Momaday’s tri-vocal structure in “The Setting Out” allows the different voices to corroborate the ancestral stories and speak for their continued relevance to the ongoing lifeways of which they are a part. For instance, in Story II, the reports of Kiowa-speaking peoples in the Northwest provide supporting evidence for the story of the quarrel over the antelope udder. The two stories access two different kinds of truth, one rooted in ancestral memory and the other in contemporary sociological research, and in this case, those two forms of truth align and corroborate one another. Momaday’s detailed observations of present-day pronghorn antelope at rest and in motion speak to the continuity of the plains environment. In Story III, the dogs around his grandmother’s house likewise create a connection between the Kiowas’ partnership with dogs in the deep past and the dogs his family keeps in the present day. In Story VIII, the ancestral voice and the personal reflection both comment on the power of the Kiowa language to alter events. The twins say “thain-mom” to prevent the giants’ smoke from descending to choke them. In the personal reflection, Momaday recalls his grandmother Aho’s use of the word zei-dl-bei to both acknowledge and ward off evil. Like many Kiowa of his generation, Momaday himself does not speak the Kiowa language, and the interaction between the ancestral story and the personal reflection shows the profound significance of this loss. In each of these stories, the interaction between the different voices illustrates and complicates The Survivance of Kiowa Culture through generations, in spite of land theft and oppression.

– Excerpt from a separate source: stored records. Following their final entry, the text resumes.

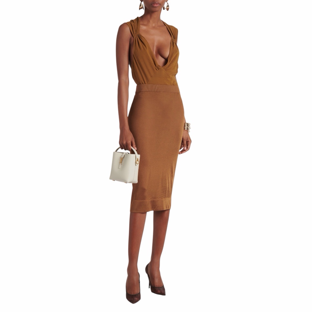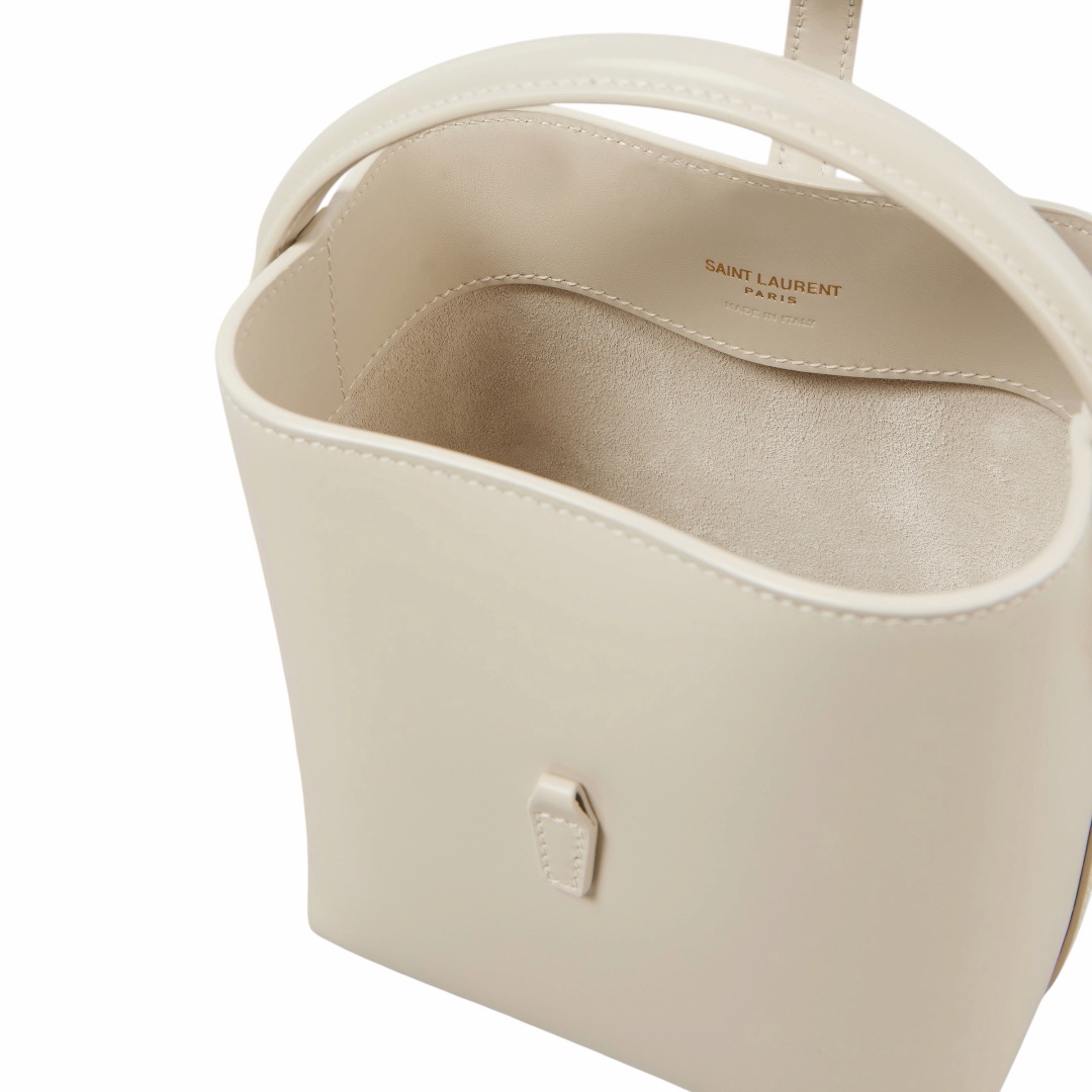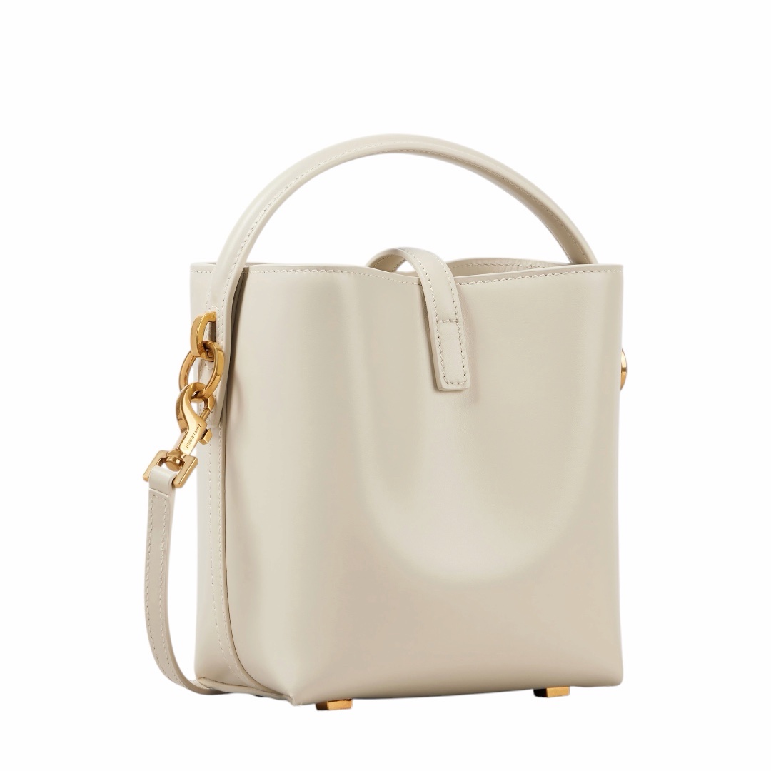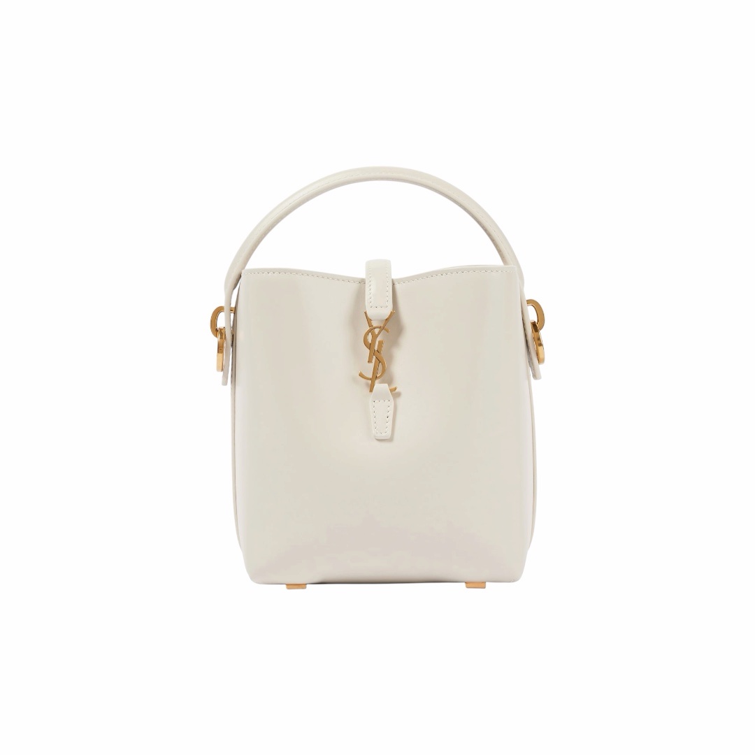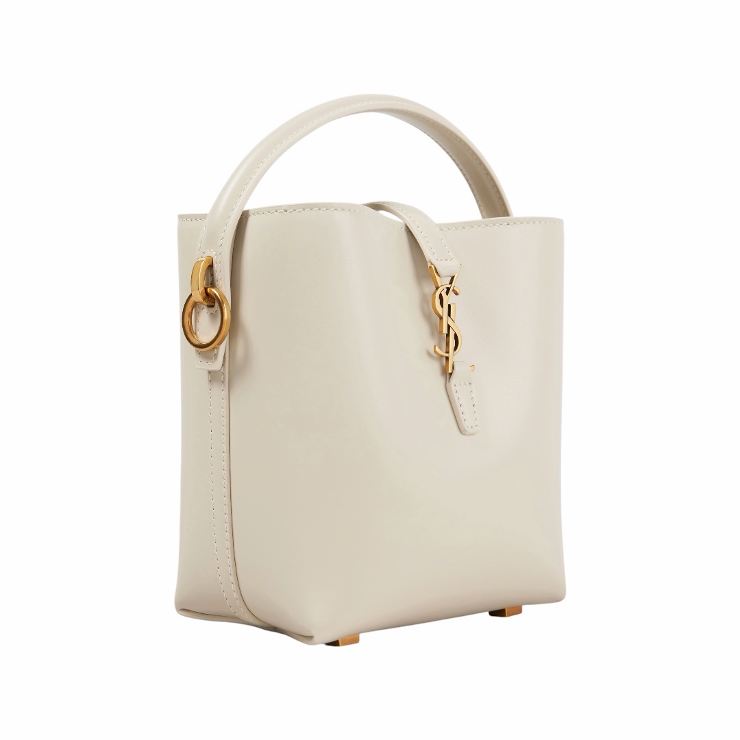 La Le 37 Mini non è solo una borsa, è un vero e proprio gioiello di pelletteria. La sua struttura a secchiello reinterpretata in chiave mini offre un’estetica fresca e di tendenza, mentre il contrasto tra il bianco candido della pelle e la lucentezza dell’hardware dorato (incluso il celebre monogramma YSL) crea un impatto visivo di pura classe.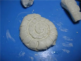 Из керапласта скатала колбаску, сильно сужающуюся к одному концу. Затем деревянной палочкой сделала углубления по всей длине и стала сворачивать спираль. Но керапласт оказался совершенно неэластичным (возможно я его недостаточно размяла перед началом работы) – при сворачивании он ломался на сгибе . И если внешнюю часть аммонита мне удалось подправить, замазав трещины, то попытки улучшить серединку ни к чему хорошему не привели. Решила оставить как получилось, в надежде, что после высыхания керапласта мне удастся как-то исправить результат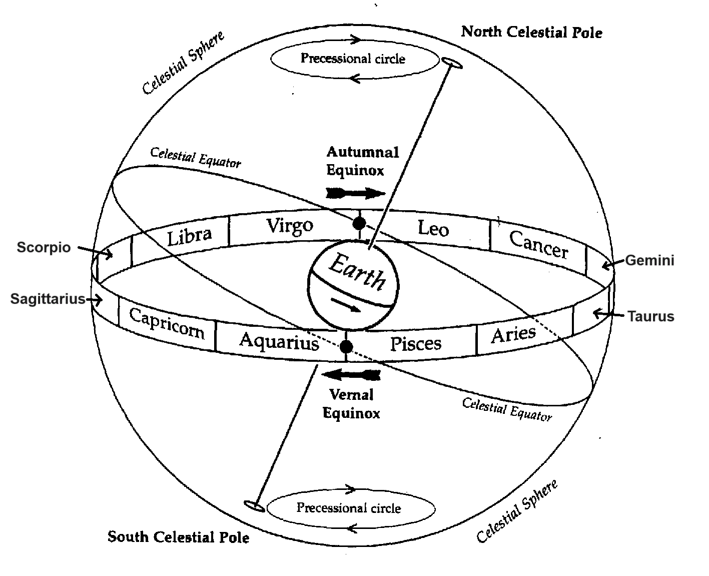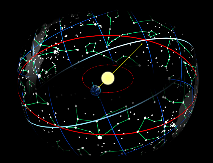 Whereas the ecliptic motion of the Earth leads to the existence of the four ecliptic seasons 1) Ecliptic Spring, 2) Ecliptic Summer, 3) Ecliptic Autumn and 4) Ecliptic Winter within a year, the celestial motion leads to the existence of the 12 celestial-influenced Zodiac Constellations, namely: After the Vernal Equinox - 1) Celestial Zodiac Aquarius 2) Celestial Zodiac Capricornus 3) Celestial Zodiac Sagittarius 4) Celestial Zodiac Scorpius 5) Celestial Zodiac Libra 6) Celestial Zodiac Virgo of the Southern Zodiac Constellationsin the Southern hemisphere, and after the Autumnal Equinox - 7) Celestial Zodiac Leo 8) Celestial Zodiac Cancer 9) Celestial Zodiac Gemini 10) Celestial Zodiac Taurus 11) Celestial Zodiac Aries 12) Celestial Zodiac Pisces of the Northern Zodiac Constellations in the Northern hemisphere all of which  takes 25,776 years to complete.  Each zodiac constellation has about 2148 years to celestially or cosmically influence Earth civilizations and historical sociocosmic species at the MI-FA Interval of the (our) Ray of Creation.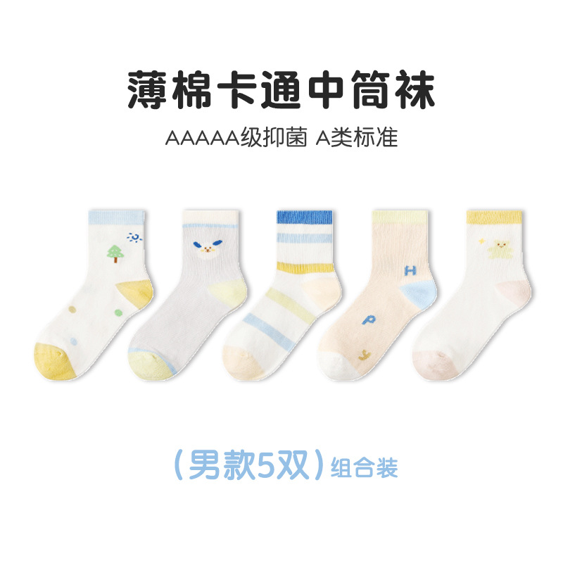 Tangram 어린이 양말 봄과 여름 얇은 여학생 양말 어린이 뼈없는 얇은면 중간 종아리 양말 소년 양말스토어 가기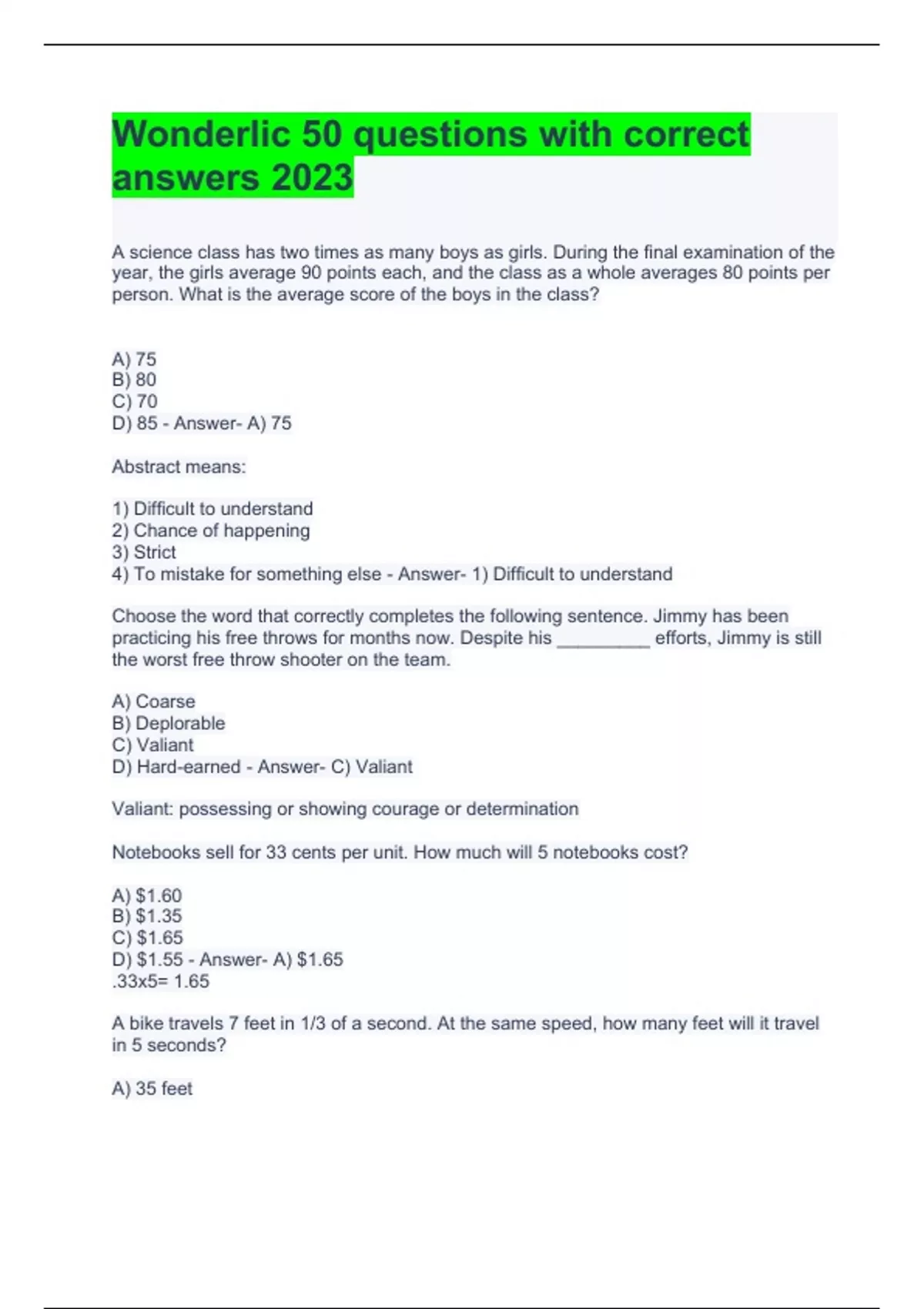 Wonderlic Practice Tests Questions And With Correct Answers 2024.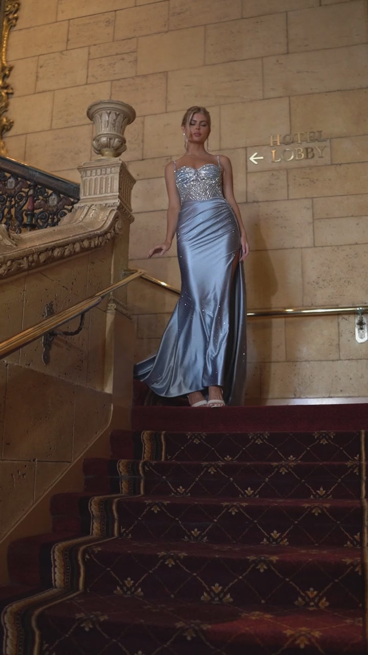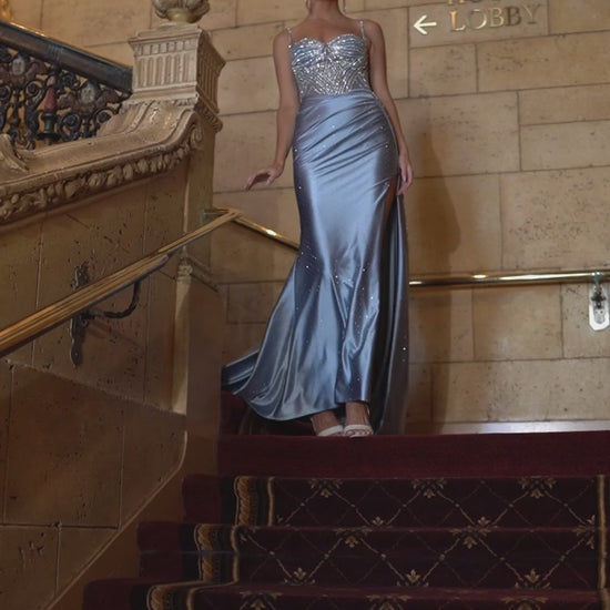 This fitted dress radiates timeless glamour with a flattering sweetheart neckline and thin straps, complemented by a beautifully beaded bodice that sparkles with sophistication. The side sash and leg slit elevate its elegant design, while the soft stretch satin ensures a comfortable, body-contouring fit. Perfect for black-tie events, galas, or formal occasions like prom, this gown is the epitome of refined elegance.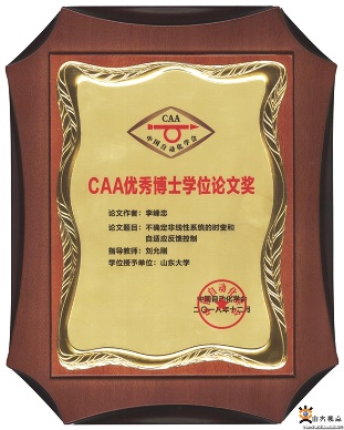 一、控制学院博士李峰忠、商云龙荣获CAA博士学位论文奖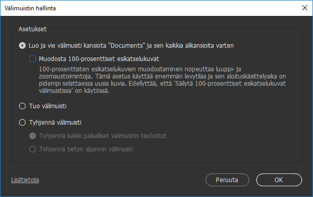 Huomautus: kunkin kansion käyttöoikeustaso otetaan huomioon välimuistin luonnin yhteydessä. Vientitoiminto luo sisäisesti indeksit, miniatyyrit ja esikatselut ja tallentaa vientiversion tiedot jaetun välimuistin kansioon. Bridge vie myös tiedostojen metatiedot.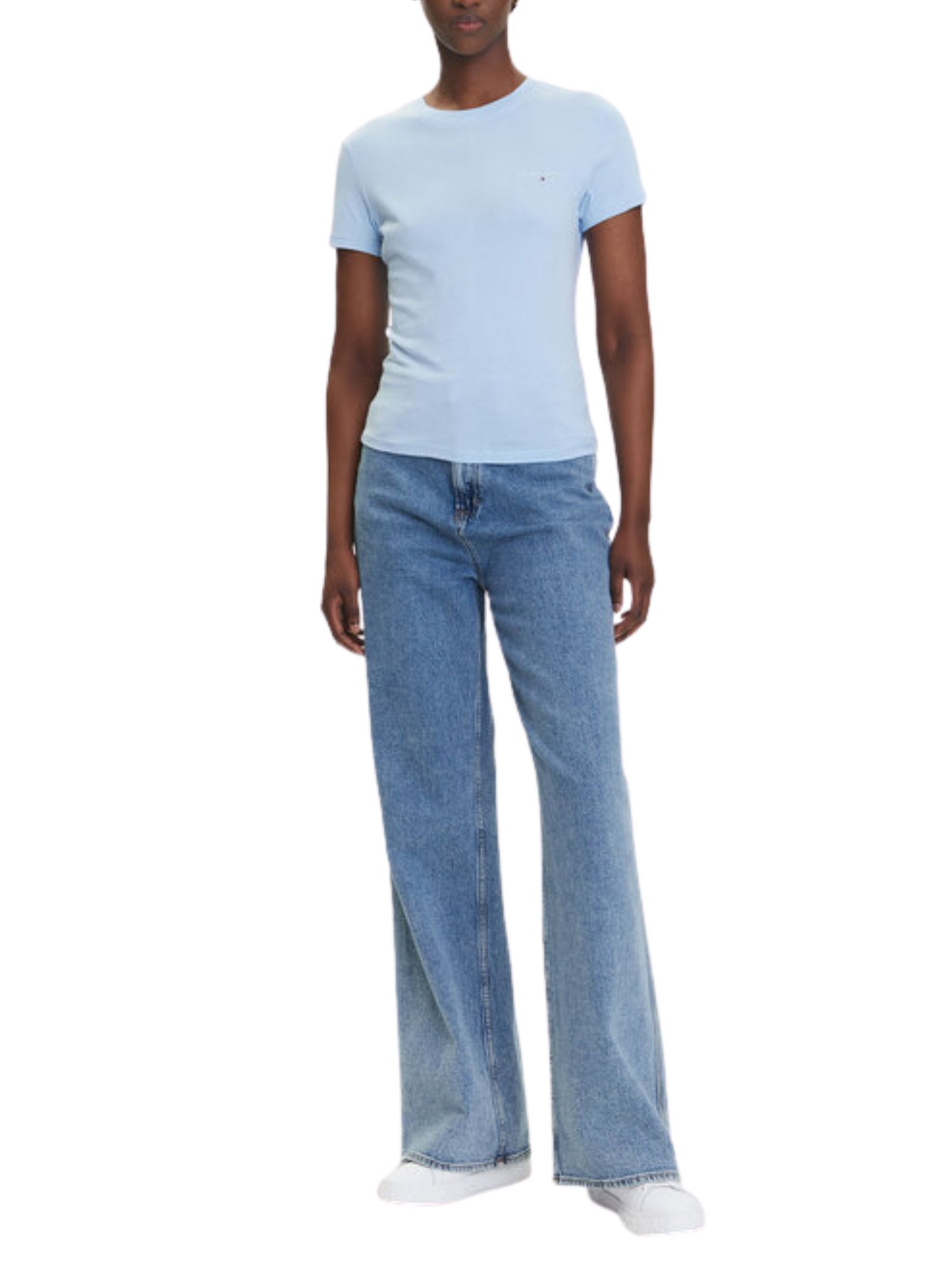 Modello girocollo con logo Tommy Jeans stampato sul petto, manica corta. Vestibilità slim fit, 100% cotone.

Momaday’s use of repetition often works to explicitly build these continuities between ancient story, history, and the present moment. While it may be difficult to discern the thread of connection in Story XI between the origin of the beaver, the peyote ceremony, and Mammedaty’s encounter with the strange animal in Rainy Mountain Creek, Momaday’s repetition of the phrase “down to the water’s edge” (38) draws the beaver story and Mammedaty’s story together, and Mammedaty’s role as a peyote man helps explain why he is the person to whom these wondrous things happen, as in the old stories.